It’s said that we emulate those closest around us. By virtue, as parents this means being role models to our sporting children, teaching them important life lessons like; never giving up and learning from our mistakes.
So, with growing minds and flourishing personalities, how can we be mindful of our behaviours, and be the best possible role models for our children?
Be a proud parent
Somewhere between a pushy parent and a laid-back type, is the target to aim for. A proud parent that is encouraging of their child – neither forceful nor disconnected. For the benefit of your child’s wellbeing, positive support can go a long way. So, it’s important to show your child that you’re proud of them.
But note; the emphasis here should be on their efforts – not just their achievements. In sports science for instance, it’s widely acknowledged that recognising your child’s contribution and effort, is more important than praising their wins. Praising your child for taking part and putting in 100% effort in is the best kind of recognition you can offer. In turn, this tells your child that it’s ok not to always win, as long as you give it your all; and this can be detrimental to your children’s wellbeing and self-confidence as they grow older.
Nurture your relationship
One can be forgiven for taking this for granted, nonetheless, relationships need to be nurtured. It seems a given that parents have a strong relationship with their child, but like any relationship this needs to be nurtured. Playing with your child, enjoying exercise with kids, helping with their homework, being involved in their lives – these are the foundations to a respectful and happy relationship.
Learning to communicate effectively with your child takes time. It helps to remember that they too are individuals, with personal needs and fledgling personalities, that need to be nourished.
Imagery is a powerful tool that can be used in this process. Think about the sort of person you want your child to become. Think about how you can enable them to the best version of themselves, and work on it together.
Being present is something we’re all guilty of. Thanks to technology we’re all constantly ‘on’, and it’s distracting from what’s in front of us.
Being a good role model means being present in every sense. It means listening to your child and interacting with them. Helping them with homework, teaching them to problem solve, and being there for them whenever they need it. But don’t be too hard on yourself, we are all work in progress.
Practice what you preach
Practice what you preach – keep in mind that if you’re telling your child to leave their mobile phone behind at the dinner table, you are of course doing the same.
It simply can’t be one rule for them and one for you – this is how you lose respect as a role model and build up resentment. In order for your child to take on your advice, you have to practice is too.
A healthy balanced diet is paramount to your child’s development. Teaching them the importance of balanced diet will have life-long benefits, as they make a conscious choice about the food they eat.
Still not convinced? Government research found that parents are one of the greatest resources of a balanced diet for kids; the vast majority (79%) admit receiving nutritional education from their parents.
We all know that plenty of exercise is important for your child’s development. According to the NHS, children and young people aged 5 to 18 years’ old should aim for at least an hour of physical activities for kids a day.
Parents play an important role in promoting and maintaining a healthy lifestyle. Find a sport that your child enjoys, or one that you can play together – keeping fit is a great way to bond as well.
It all starts with a happy mind. A positive attitude can be one of the greatest teachings you can pass on to your child. As a role model, the way you deal with anger, frustration, winning, losing, success and failure, will shape their understanding and behaviours too.

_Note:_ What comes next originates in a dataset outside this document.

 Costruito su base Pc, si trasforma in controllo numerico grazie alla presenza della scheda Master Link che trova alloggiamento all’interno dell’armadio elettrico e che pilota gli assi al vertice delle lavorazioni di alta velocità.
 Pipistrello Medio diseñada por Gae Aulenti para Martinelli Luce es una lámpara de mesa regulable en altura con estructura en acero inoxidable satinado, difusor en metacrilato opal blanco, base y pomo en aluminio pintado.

Knowing that children adopt learned behaviour, can make us more mindful of how we react in difficult and challenging situations.
Be the change
It’s never too late to review your parenting approach. As children get older, they have different needs to be met and different parts of our own personalities and depths are tested.

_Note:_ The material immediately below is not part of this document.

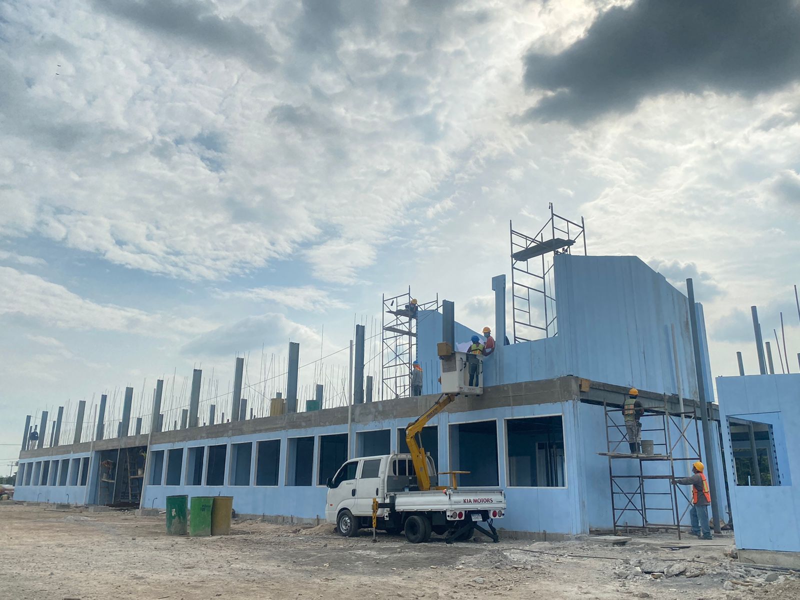 Guatemala, 17 de noviembre de 2021. Luego de dos meses, los trabajos de construcción de la escuela oficial Bicentenario en la colonia La Dignidad, Escuintla, presenta avances significativos en el área de primaria y de cocina.

It’s easy to be self-critical; try to resist parenting guilt – we can’t always be right, we are still on a learning path ourselves.

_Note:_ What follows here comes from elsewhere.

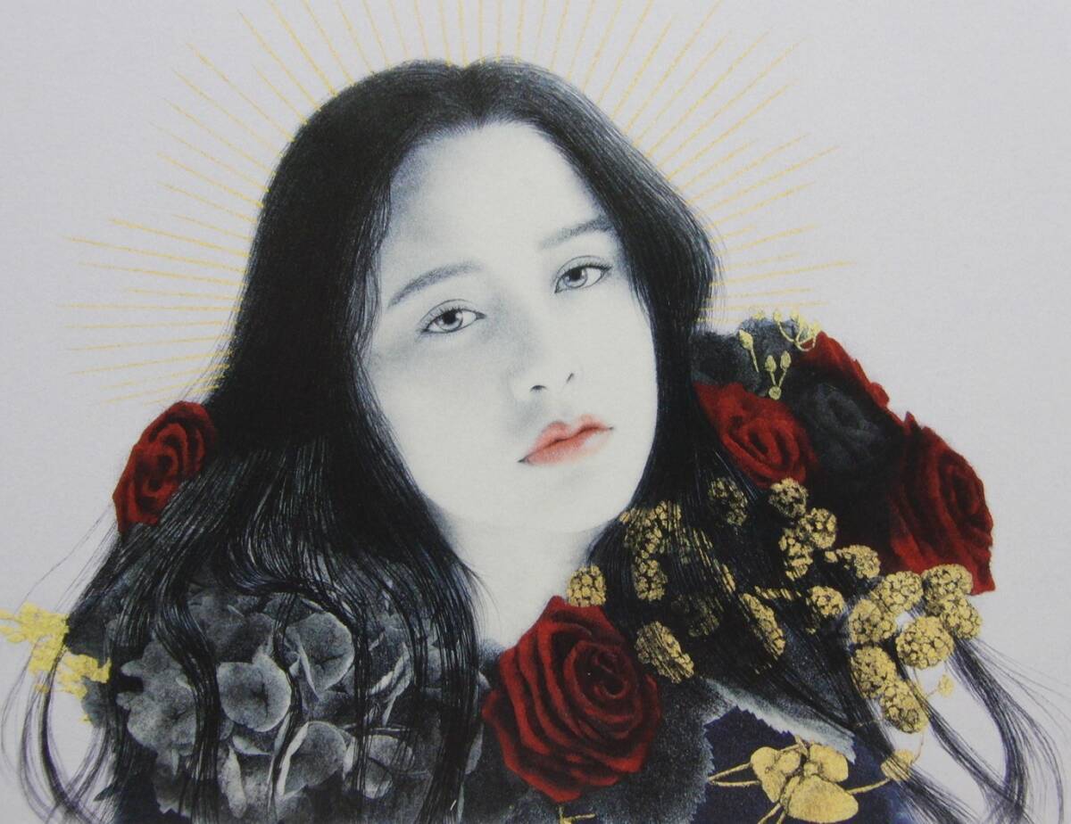 - 志賀絵梨子、【希望の乙女】、希少な額装用画集より、厳選、新品額装、マット額装付、状態良好、美人、日本人画家

Instead, identify the positive traits you want to role model. Perhaps you’re a natural leader and can pass on valuable management or listening skills to your child, maybe you’re both passionate about kid’s athletics – in which case focus your efforts on developing a strategy for getting more involved in the sport.
Think about how you can inspire your child; it doesn’t have to relate to your job, it can be anything from baking to building. Just showing how to channel a passion is a great life lesson to learn.
Be your best version
Understandably, it’s hard to keep emotions at bay at times. Developing self-control is something that every parent tries to master, but finds hard to achieve. After all, to err is human, to forgive is divine.
Which is why it’s mindful to remember that like us, children are still learning and evolving too.
Learning to forgive, and being conscious of the language used and tone of voice is important. Children pick up on the smallest of cues. To grow their confidence, to cease their potential, and to be the best role model you can be, these are small but sizeable learnings we can try and master, one day at a time!